Right better roll up my sleeves and prepare for battle again - firstly, in getting youngest and then Mil out of their beds, and then with Numpties in the council!
 

Spamar

Registered User
Oct 5, 2013
7,723
0
Suffolk
Good morning, hope the sleeves are rolled and you are ready for battle!
Fortunately OH is ok nothing untoward, unless you count a whole bar of li..dt chocolate. I dislike dark chocolate, but he loves it!

My annoyance is with the vascular clinic. It's a year after his ops and checkup time. I had to cancel first one,
OH was not very well. I had to cancel second one, I wasn't very well. Third appt came, at the main hospital instead of our local cottage hospital, 16:30 on Friday. OK, just take him out of daycare early. Yesterday, new appt for 12:20 Friday! Phoned to complain. Apparently an afternoon clinic has been changed to a morning one and there are no vacancies until 27th March. I would have put it off once again, but his foot has gone very cold again and I want to know what's what!
That means he will have to miss Friday daycare, an hour in the morning and the same in the afternoon is just not worth it. Also the timing means we shall gave to get dinner out. As you know, meals come at a certain time! Appts are usually at the local hospital as well. 12:20 there would be no problem, that's where daycare is held!

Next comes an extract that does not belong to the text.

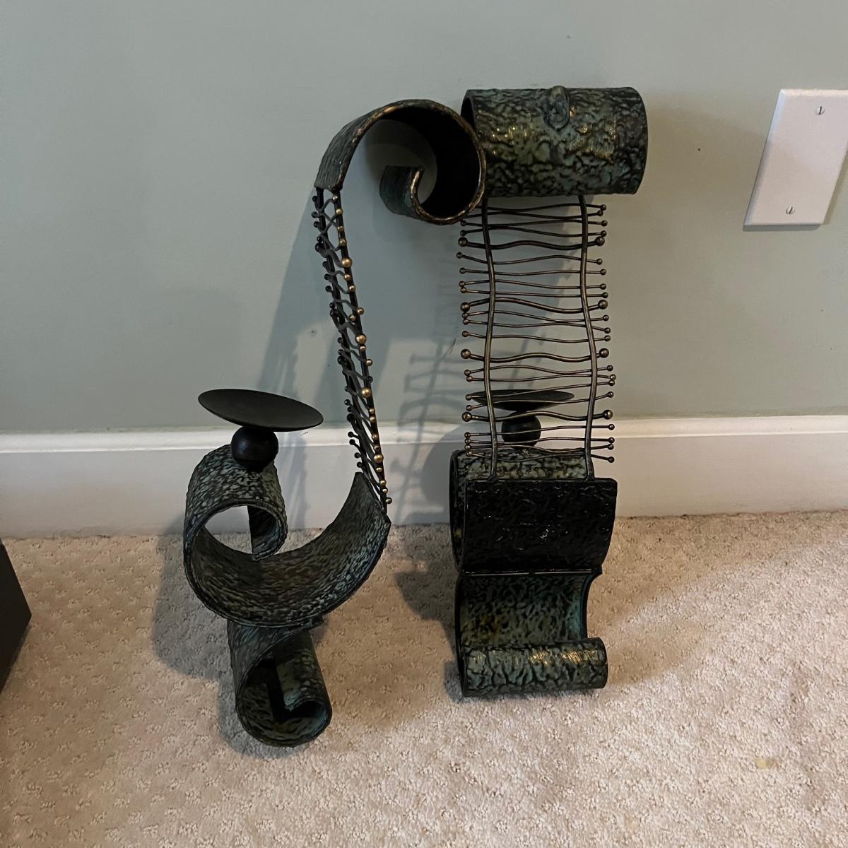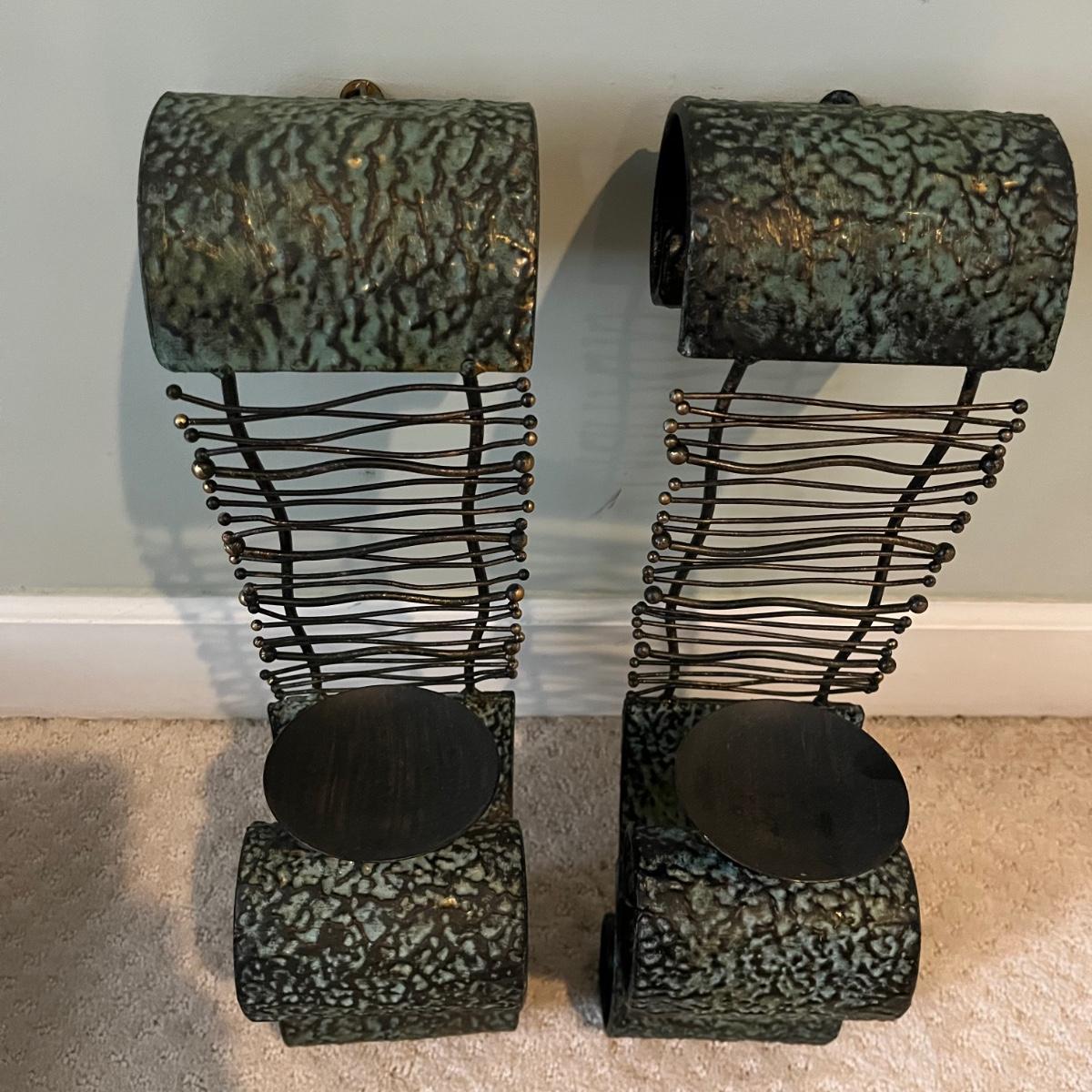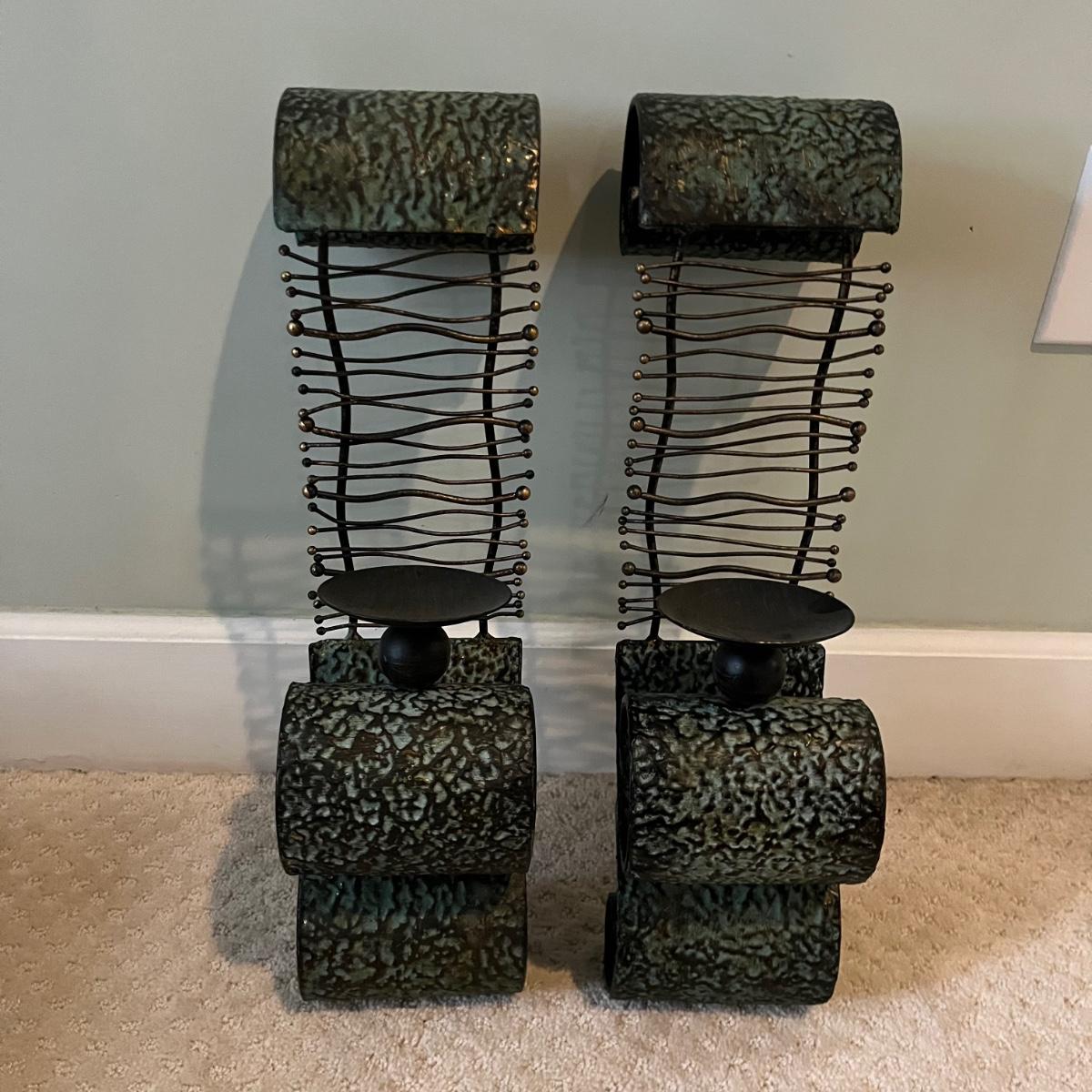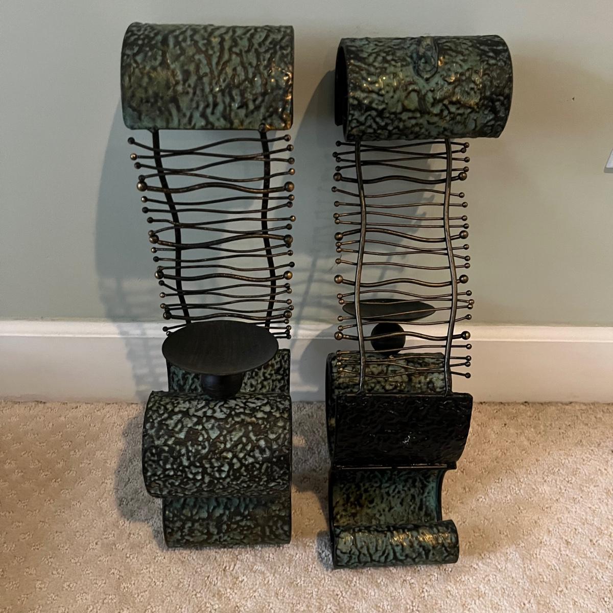 Lot includes a pair of metal wall mounted candle holders and a metal wall mounted four candle candleholder that measures 26” x 28” x 5.5”.

Ann, hope you have a good productive day and get things moving and people aware!
 

Onlyme

Registered User
Apr 5, 2010
4,992
0
UK
Perhaps we need another evote thing.

It's all very well expecting carers to almost kill themselves (it's not, sarcasm) but to stop respite by stealth is shocking. I will be buttonholing the manager at Mum's to see if our council has done the same.
 

sinkhole

Registered User
Jan 28, 2015
273
0
Perhaps if everyone here were to write to their LA asking them to confirm their current policy in regard to respite care, we would have more information to then approach the Press, MPs etc. with and it could have some real impact.

Also, don't forget if you get ignored by these people, we have the Freedom of Information Act to help us.